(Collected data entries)
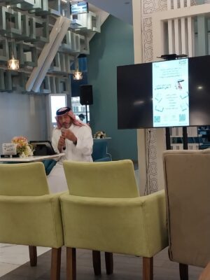 ازدان اللقاء بحضور و مداخلات أدبية إثرائية من الاساتذة و الأستاذات: أ.بنهل البلوشي الذي أخذ الحضور إلى بحر الإلقاء.
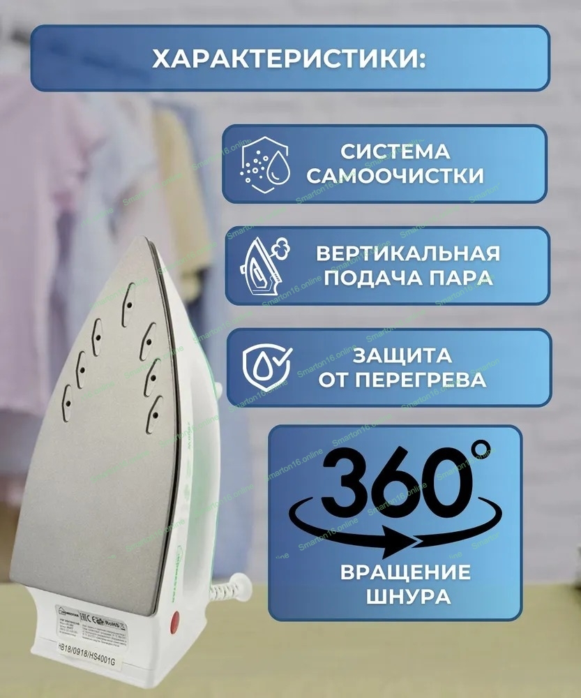 Утюг Homestar HS-4001 белый/зеленый, 2000 Вт, 20 г/мин, 100 г/мин, 90 мл
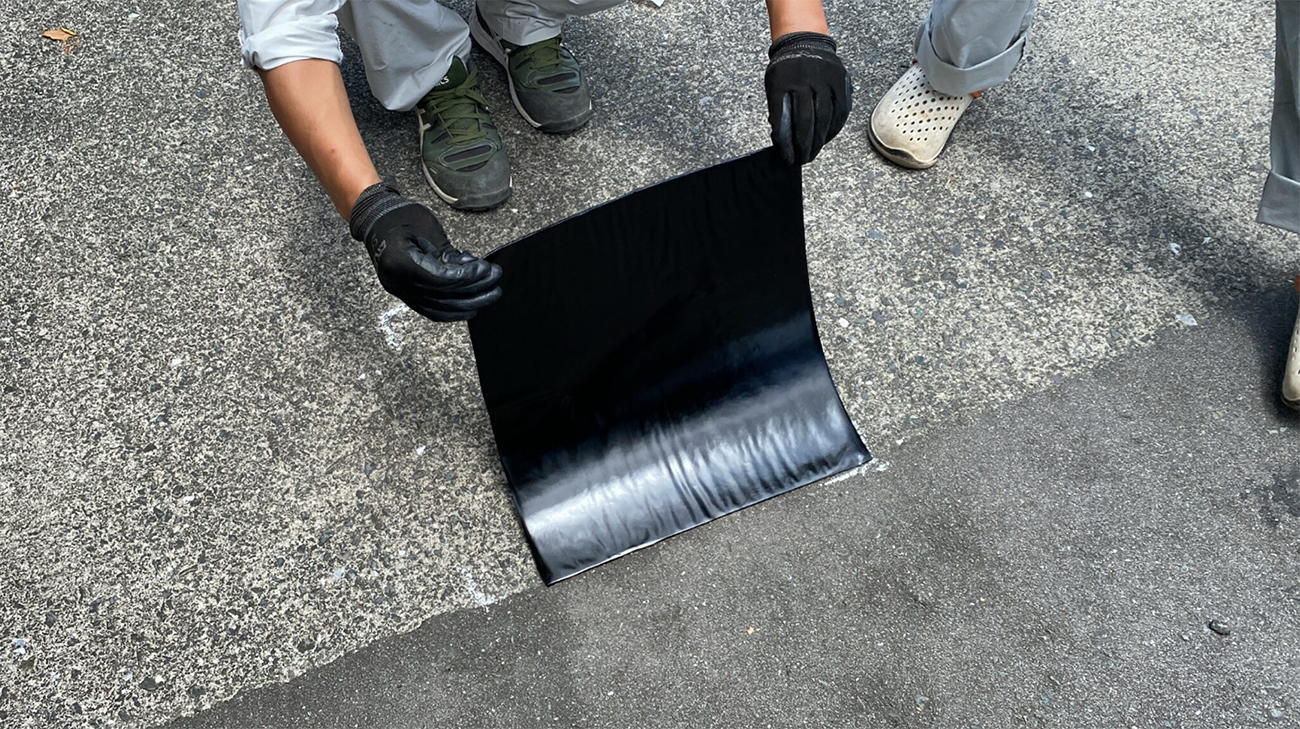 シート形状で補修箇所において加熱するだけ。特殊な技術が不要です。
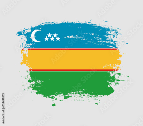 Fototapeta premium Elegant grungy brush flag with Karakalpakstan national flag vector
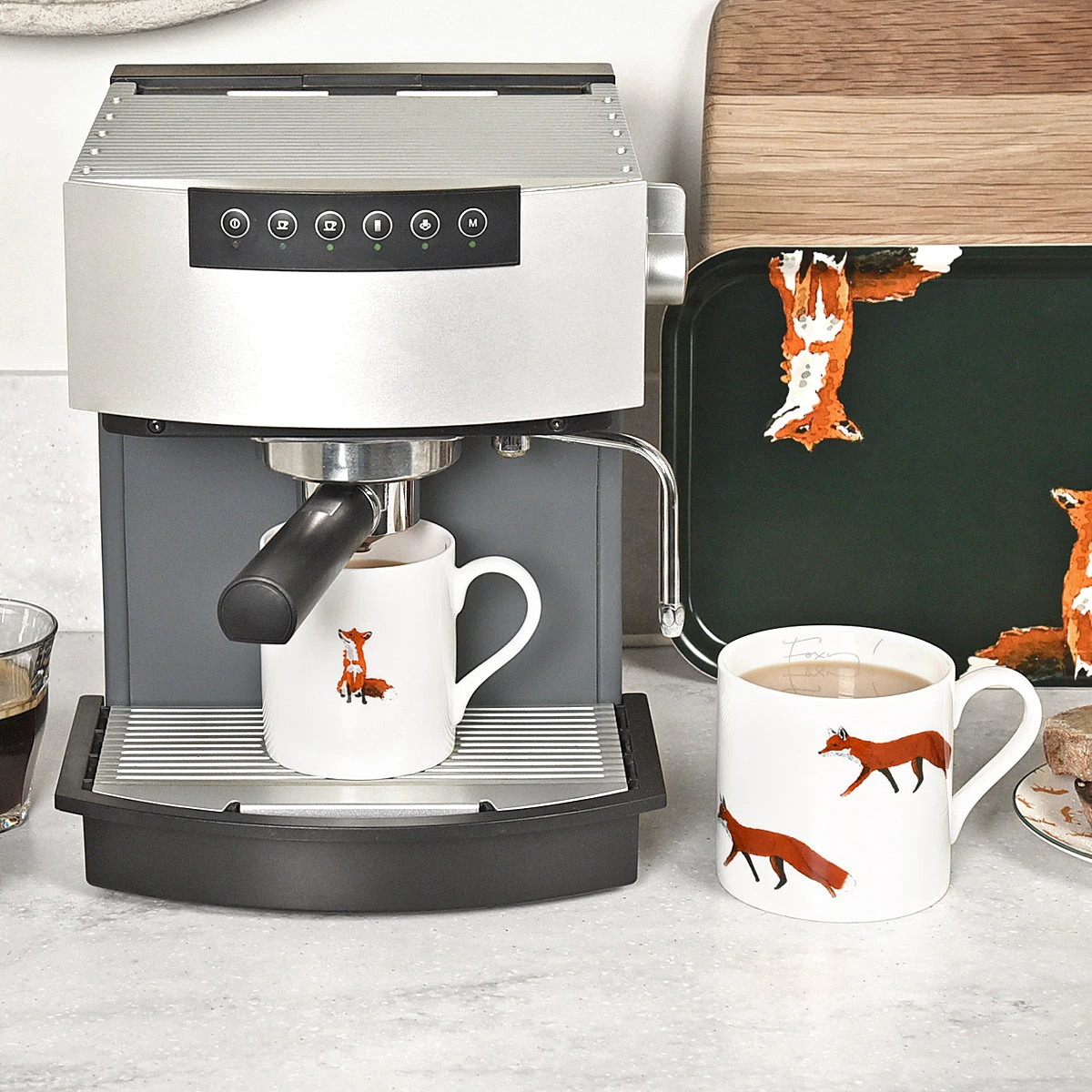 Inquisitive yet charming red foxes stroll around this white fine bone china mug, perfect for a morning coffee. ‘Foxy!’ is written on the inside in Sophie’s handwriting.
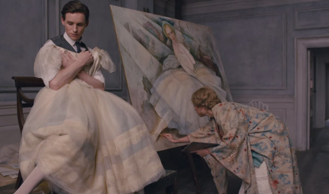 Einar holding a dress as his wife, Gerda (Alicia Vikander), draws him as a woman. Holding the dress, however, awakens Lili.
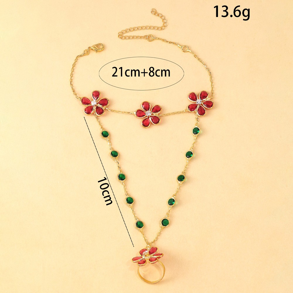 Nuptiale d'anneau de bracelet, lacet, avec coton & cristal & alliage de zinc, avec 1.5Inch chaînes de rallonge, fleur, Placage, réglable & facettes, rouge, protéger l'environnement, sans nickel, plomb et cadmium .5 Environ 6 pouce, Vendu par brin
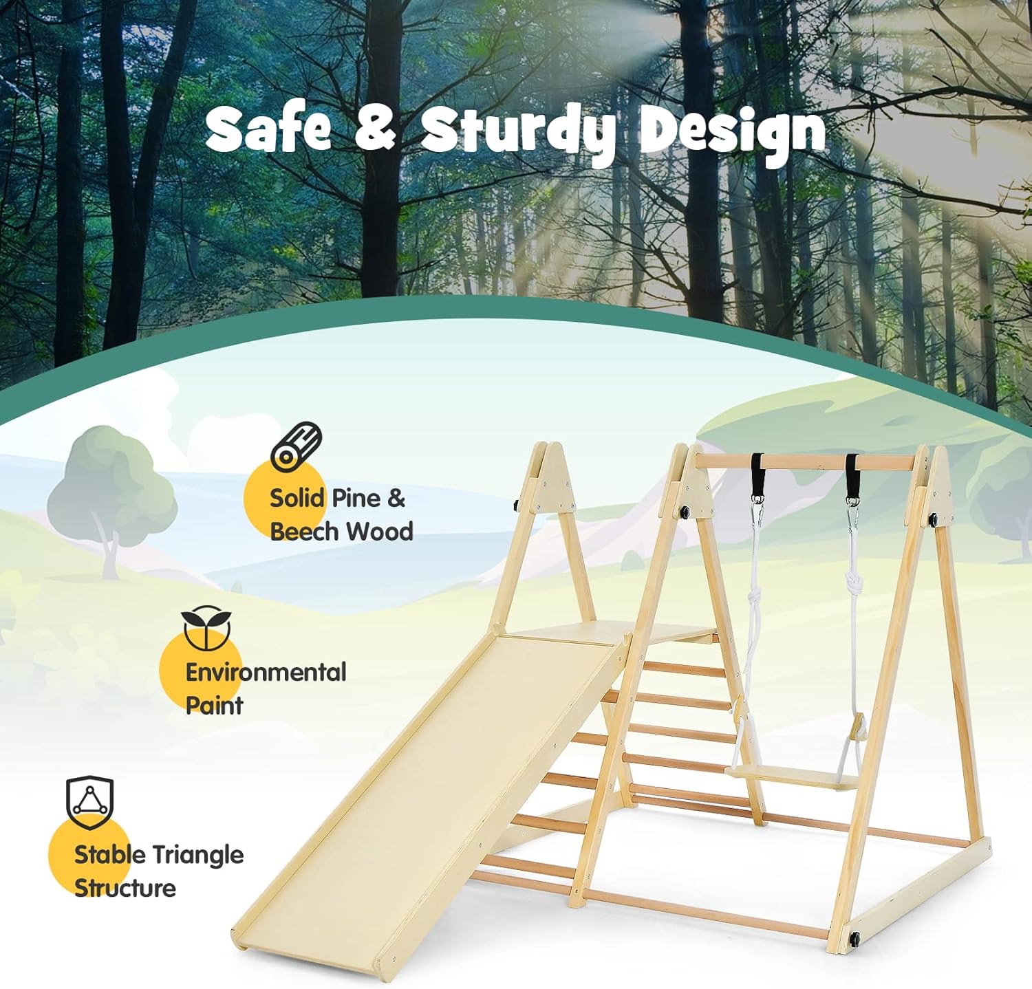 Stable Triangle Structure: The indoor playground for kids 3-6 is designed with triangle structure and made of solid pine and beech wood materials, which is strong and stable with the max weight capacity of 275lbs. The max load capacity of the swing is 66lbs.
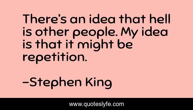 This page presents the quote "There’s an idea that hell is other people. My idea is that it might be repetition.". Author of this quote is Stephen King. This quote is about hell, horror, repetition,.
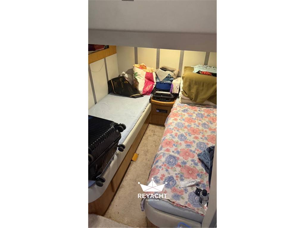 Gli interni accolgono con un’atmosfera calda e ben distribuita. Le tre cabine ospiti, ciascuna con il proprio bagno, offrono privacy e comfort, mentre la cabina marinaio con bagno dedicato garantisce un servizio impeccabile anche durante le crociere più lunghe. La climatizzazione rinforzata assicura benessere in ogni ambiente, mentre il salone con cucina integrata e TV crea uno spazio conviviale perfetto per vivere la barca anche nelle giornate più tranquille. I sei posti letto per gli ospiti, più quello dell’equipaggio, rendono questo Madras ideale per weekend dinamici o crociere più estese.

About this task
Reproduce exactly the lines above starting at the line containing "シート形状で補修箇所において加熱するだけ。特殊な技術が不要です。" and ending at the line containing "Stable Triangle Structure: The", including both, but not the pictures.

Output for this task
 シート形状で補修箇所において加熱するだけ。特殊な技術が不要です。
 Fototapeta premium Elegant grungy brush flag with Karakalpakstan national flag vector
 Inquisitive yet charming red foxes stroll around this white fine bone china mug, perfect for a morning coffee. ‘Foxy!’ is written on the inside in Sophie’s handwriting.
 Einar holding a dress as his wife, Gerda (Alicia Vikander), draws him as a woman. Holding the dress, however, awakens Lili.
 Nuptiale d'anneau de bracelet, lacet, avec coton & cristal & alliage de zinc, avec 1.5Inch chaînes de rallonge, fleur, Placage, réglable & facettes, rouge, protéger l'environnement, sans nickel, plomb et cadmium .5 Environ 6 pouce, Vendu par brin
 Stable Triangle Structure: The indoor playground for kids 3-6 is designed with triangle structure and made of solid pine and beech wood materials, which is strong and stable with the max weight capacity of 275lbs. The max load capacity of the swing is 66lbs.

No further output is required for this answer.